* Problem requirements *
Repeat exactly the line that contains "交易策略: 在 6060.00" and every line after it, down to the last line of the entries below. Do not include pictures.

Records drawn from a dataset:

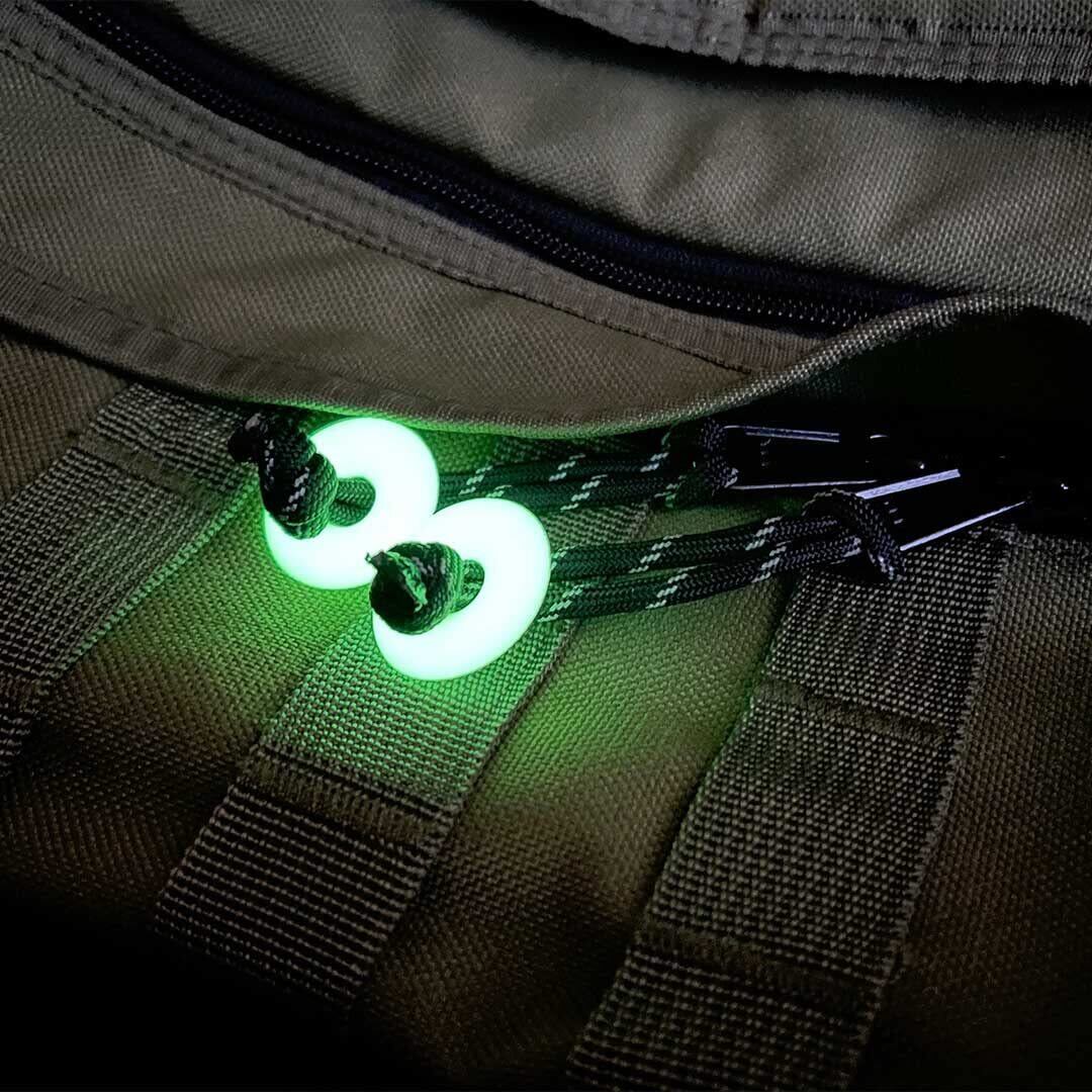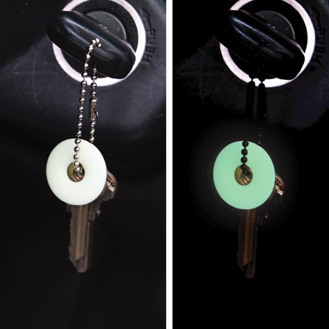 太陽光、スマートフォンのライト等様々な光源から蓄光することができるリングパーツ5個セット。キーリングやジップに付けることで暗い状況でも素早く認識することができます。 アメリカの政府機関と取引を行うために必要なCAGE CODE を取得したアメリカ企業にて製作されています。リング、タグはSAR(捜索救助部隊)からのギアやジッパーに付けられるパーツの要望により開発されました。 素材は耐熱シリコーンゴムを採用。一般的に流通している蓄光材と比べると驚くほど明るく、長くても12時間程度の発光時間が多い中、最大24時間発光し続けることができます。 アウトドアギアの目印、キーリング、USBドライブ、鞄のジップなど日常生活の様々なシーンで活躍してくれます。
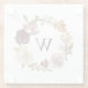 Floral Watercolor Wreath Monogram White Glass Coaster
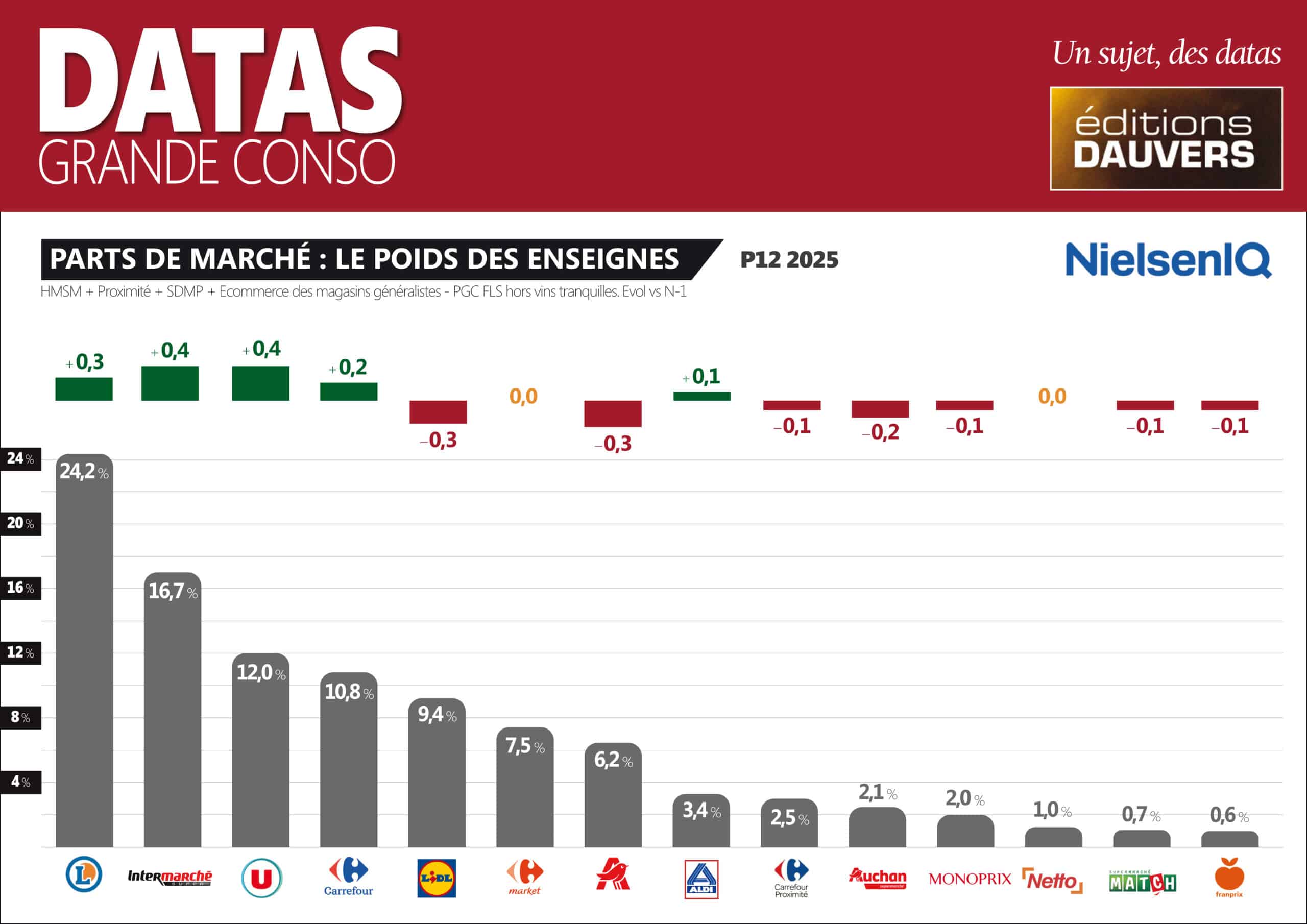 Parts de marché P12 NielsenIQ : un podium 100 % indépendant (et les hypers qui sauvent Carrefour !)
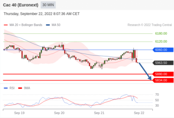 交易策略: 在 6060.00 之下,看跌,目标价位为 5880.00 ,然后为 5834.00 。
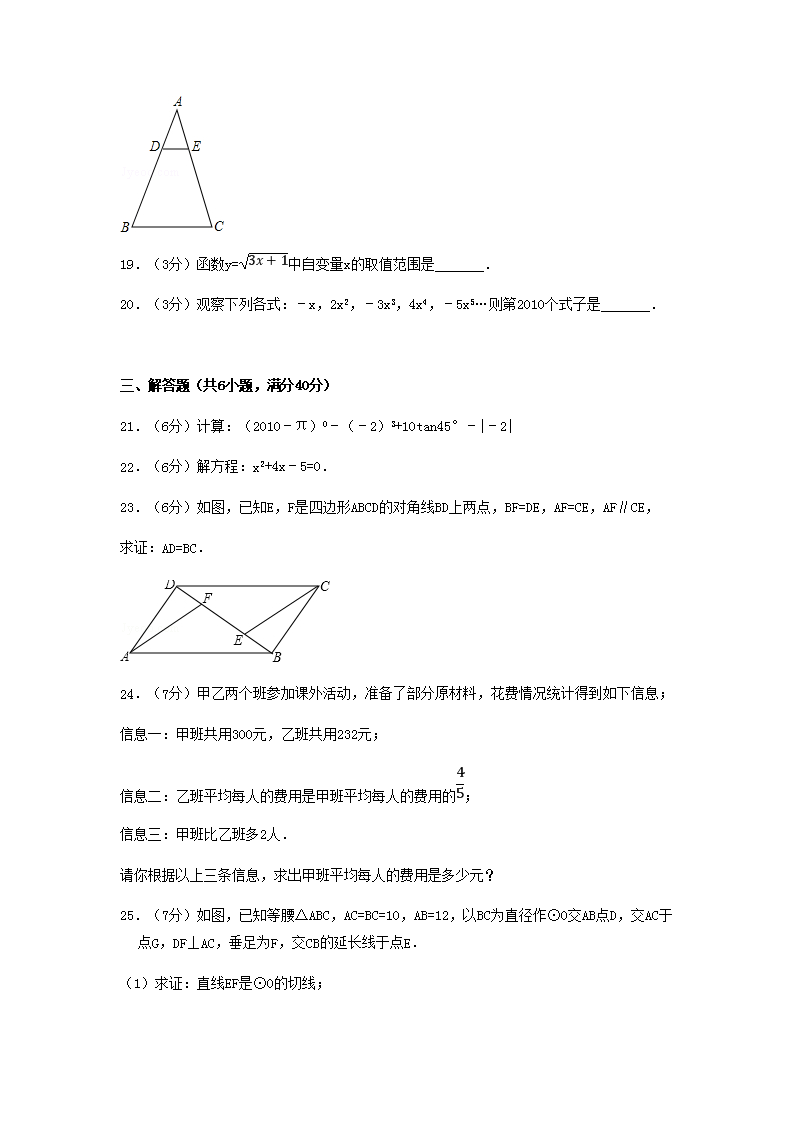 【文档名称】 2010年西藏山南中考数学真题及答案(Word版).doc

* Response box *
 交易策略: 在 6060.00 之下,看跌,目标价位为 5880.00 ,然后为 5834.00 。
 【文档名称】 2010年西藏山南中考数学真题及答案(Word版).doc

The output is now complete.